A Beer in a Burger Bar
A Beer in a Burger Bar
It was a hot June afternoon in the Spanish Algarve resort of Islantilla. My wife, Breda, and I had been lazing, sunbathing for over an hour, around the huge pool to the rear of the fantastic hotel we were staying in, but the sun was so hot, the ice-cold drinks we drank, trying to keep cool, failed miserable in that endeavour.
“Come on,” Breda said to me, “let’s get out of this sun. It’s far too hot to enjoy.”
“Do I have to?” I groaned. “I am so comfortable, sitting here.”
“Yes, if you know what’s good for you,” she tersely replied, pretending to be cross with me.
“Oh, all right,” I laughed as I collected my bits and pieces from my sun lounger.
We made our way upstairs, to our room. Breda freshened herself in the bathroom. I sat on a chair in the shady balcony, enjoying the view of our hotel’s swimming pool, which the holiday brochure said contained such wonderful things as a waterfall, an in-pool bar, and its very own island complete with palm trees.

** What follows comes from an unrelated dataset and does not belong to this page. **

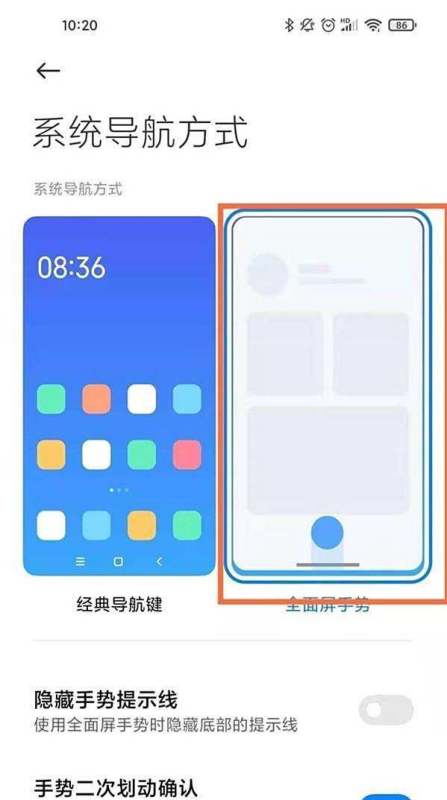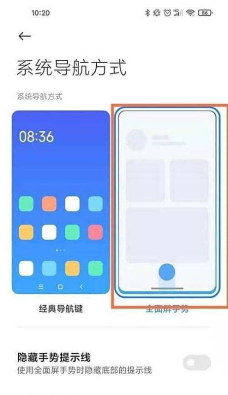 调整手势提示线显示在导航方式列表中选择【全面屏手势】,此时页面会显示【隐藏手势提示线】选项。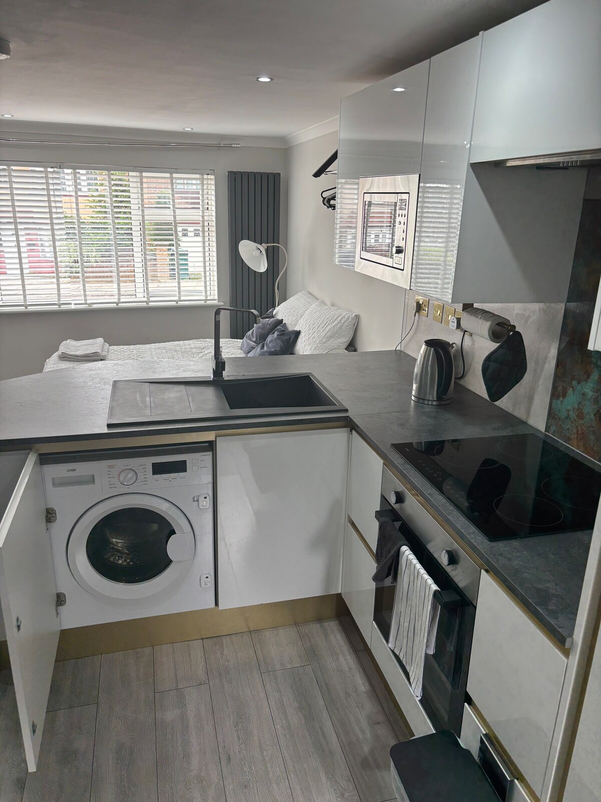 Aquest espai únic té un estil propi. És petit però espaiós i és ideal per a parelles, estades de negocis, joves professionals i fins i tot entusiastes del fitnes o YouTubers que viatgen a Londres . Entrada independent completa amb pany i clau codificats (accés independent, sense necessitat d'interactuar amb l'amfitrió)GRAN televisor amb Netflix inclòs. Inclou cuina petita, microones, anella calenta, plats, bols , coberts i tots els estris. Dutxa,vàter i un sofà llit (de mida "king"). *No es permeten festes a casa

When she had finished her ablutions, Breda put on her favourite dress, and then she suggested we go out for a bite to eat. “It’s my treat,” she said, “but only if you’re ready in five minutes.”
Not wanting to look a gift horse in the mouth, I dashed into the bathroom and ducked under the shower. Lathering up in a hurry, I said, “I’ll be ready in a jiff.”
“Good, I’ll be timing you,” she answered, scrutinising her watch.
I was fast. I showered, dried myself and got dressed in my best shirt and trousers, with my hair combed to perfection, in less than five minutes.
“I’m impressed,” Breda said to me. “I did say that you were buying the drinks, didn’t I?” she added, laughing impishly.
“I should have known there’d be a catch,” I groaned. Following her out from our room, I pulled the door closed behind me. “There are so many catches, in life,” I continued, “and the biggest one of them all is that it finishes too soon.”
“Don’t you get all gloomy on me,” Breda warned just as the elevator doors opened, revealing an elderly couple we had met earlier.
As we stepped into the small receptacle, I said, “Hello.” Then I threw in a smile for good measure
The couple returned the smile. The woman said, “It’s lovely weather, isn’t it?”
“It is,” I replied,” “if you like being grilled to a crisp.”
Fiddling with her hearing aid, she said, “I’m sorry, I didn’t quite get that.”
“Oh, what a shame,” I whispered. Speaking loudly, I said, “Because it’s so fine a day I decided to out for a beer and a packet of crisps.”
“How nice,” she answered, Turning to her husband, who was obviously even more hard of hearing than her, she explained to him what I had said. When he had digested her words, he looked me straight in the eye and then saluted me. I saluted him back. Thankfully, the elevator doors then opened.
Squinting against the strong sunshine, I said to my wife, “Which way to we go?”
“Left, and then left again,” she answered. Linking my arm affectionately, she steered me along narrow, cobbled street.
When we got to the end of the street, I turned right.
No, not that left,” she laughed, “your other left!”
“Oh, that one,” I chuckled. “Why didn’t you say so?”